What does this have to do with judges? Well, as Watkins notes, in some colonial states, the judicial function was considered part of the executive, and not a separate branch. The power to protect rights came not from judges but from the people themselves, who could cashier their representatives through elections. “Americans knew that power could be abused; however, they did not look to the judiciary to interpose to protect individual rights. Instead, the people put their trust in juries and institutional safeguards such as bicameralism, delaying veto, term limits, and frequent elections,” not to mention federalism. Judges served an important, but limited function of ruling on the law. Although the Marbury decision enshrined judicial review, as Watkins ably explains, this was of a piece with the emerging coordinate view. The Court, according to Chief Justice Marshall, could rule on constitutional questions, but Marshall did not state that only the Court could decide them. That it has been so interpreted by later generations of scholars and judges for Watkins represents a grand category mistake. When combined with the growth of a centralized, rather than truly federal government, judicial supremacy has proceeded unchecked.
Watkins offers some solutions to limit judicial supremacy, such as stripping the Court of jurisdiction to hear certain types of cases, expanding the role of juries (in colonial America, for example, juries decided both the facts and the law), and modifying how federal judges are selected. Yet is the problem really the Court’s? Watkins ably diagnoses the growth of judicial power, and its consequences for free government, but that is really only one aspect of the problem. He leaves out one component: the judges did not do this to themselves. Having judges serve as the ultimate authority serves other purposes, including feckless representatives, the media, legal elites in law firms and law schools, and in general those who would prefer a large unitary state rather than a fragmented federal one.

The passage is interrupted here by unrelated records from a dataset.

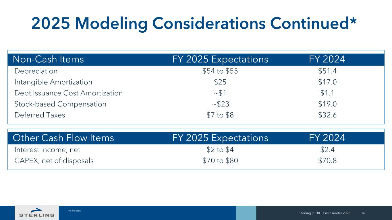 2025年建模考虑(续)*Sterling | STRL:2025年第一季度16*以百万计。非现金项目2025财年预期2024财年折旧54美元至55美元51.4美元无形摊销25美元17.0美元债务发行成本摊销~1美元1.1美元股票补偿~23美元19.0美元递延税款7美元至8美元32.6美元其他现金流项目2025财年预期2024财年利息收入,净额2美元至4美元2.4美元资本支出,扣除处置费用70美元至80美元70.8美元
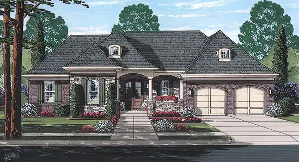 This comfortable one-story home is reminiscent of an English cottage. An island with seating anchors the kitchen and the dining area is nestled in an angular room with full outdoor views. A covered rear porch creates a pleasant outdoor living space and a full basement offers room for expansion.
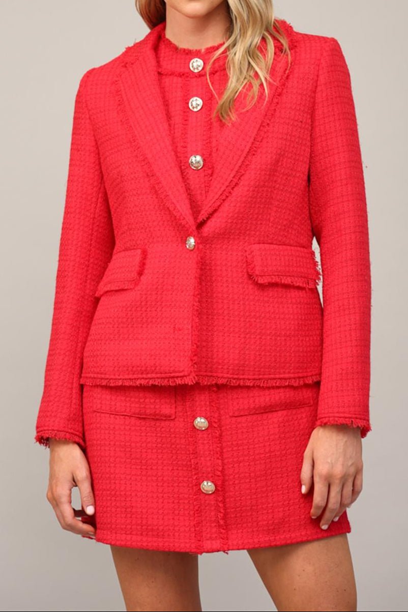 Elevate your everyday style with this charming Samara Fray Detail Tweed Blazer Jacket. The delicate frayed edges add a playful, modern twist to a timeless classic, creating an effortlessly chic silhouette. Layer it over your favorite blouse and pair with dark or light jeans for a look that transitions seamlessly from office to weekend brunch. Perfect for anyone seeking that cute, put-together aesthetic without sacrificing comfort or versatility.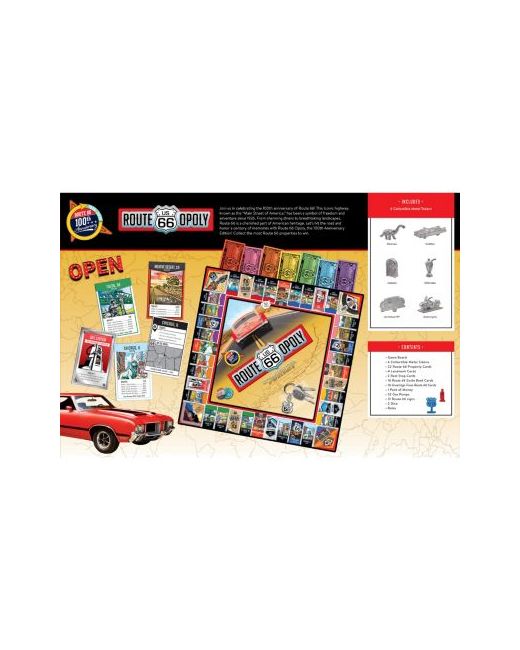 Get your kicks on Route 66 as you travel America's Mother Road visiting all the most iconic stops, with Route 66 Opoly! Play on an authentic, retro style game board featuring throwbacks to Route 66's funky architecture, tasty diners, and wacky sights.
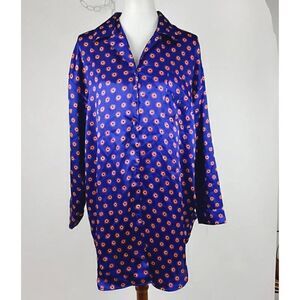 Vintage 90s Winston Select Blue Silky Button Down Pajama Shirt Dress Nightgown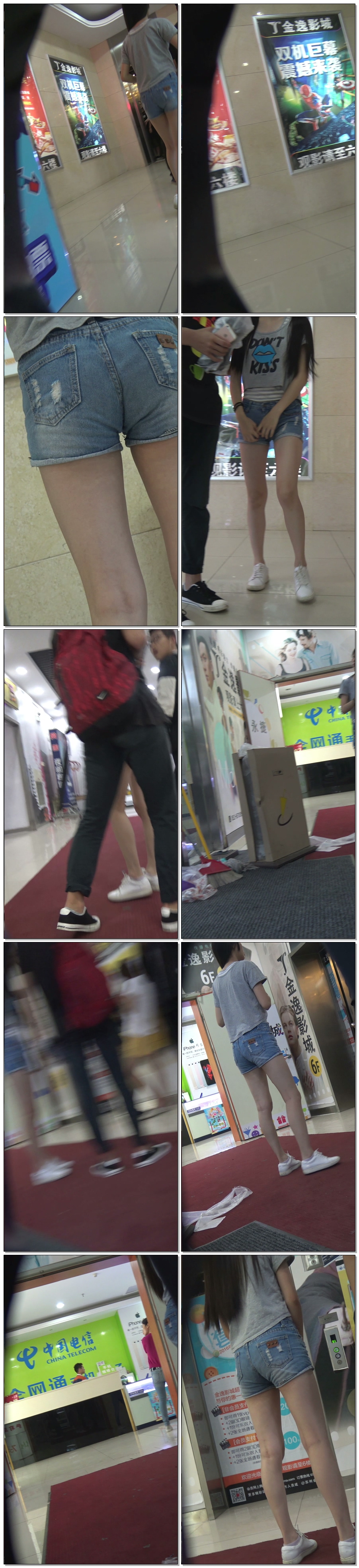 B1560商场紧身牛仔热裤长腿妹 |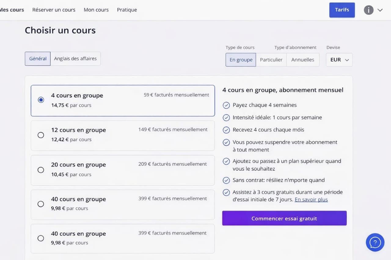Une fois à l'intérieur, la première chose qui apparaîtra sera une annonce indiquant que vous devez choisir votre plan pour commencer à profiter du cours et choisir entre les cours collectifs ou particuliers. Ils n'ont pas de période d'essai gratuite pour vous permettre de décider si vous aimez ou non la méthodologie.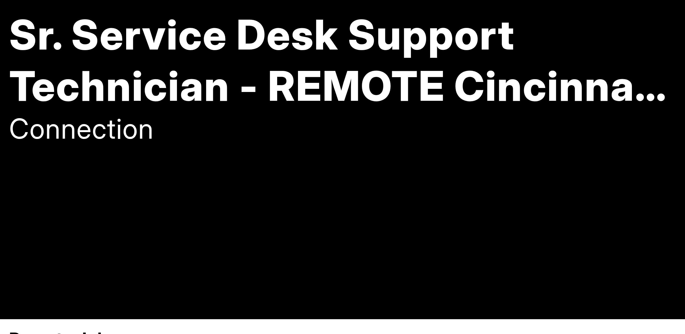 Connection has a fantastic opportunity through our Technical Staffing division for a Senior Desktop Support Technician II. This is remote opportunity near the Cincinnati, OH area only. The opportunity is based on a contract to hire model offering great benefits.

There is no Lincoln these days thundering against Court decisions, and the Congress is more than happy to pass laws and let the Court opine on them later. There is, in other words, no incentive for anyone to break the “habit” of deference to the Court’s decisions.
The lassitude of these other branches, as much as the vigor of the judicial, is perhaps the more troubling aspect of judicial supremacy. Only when that changes will some of these other remedial measures Watkins describes become possible.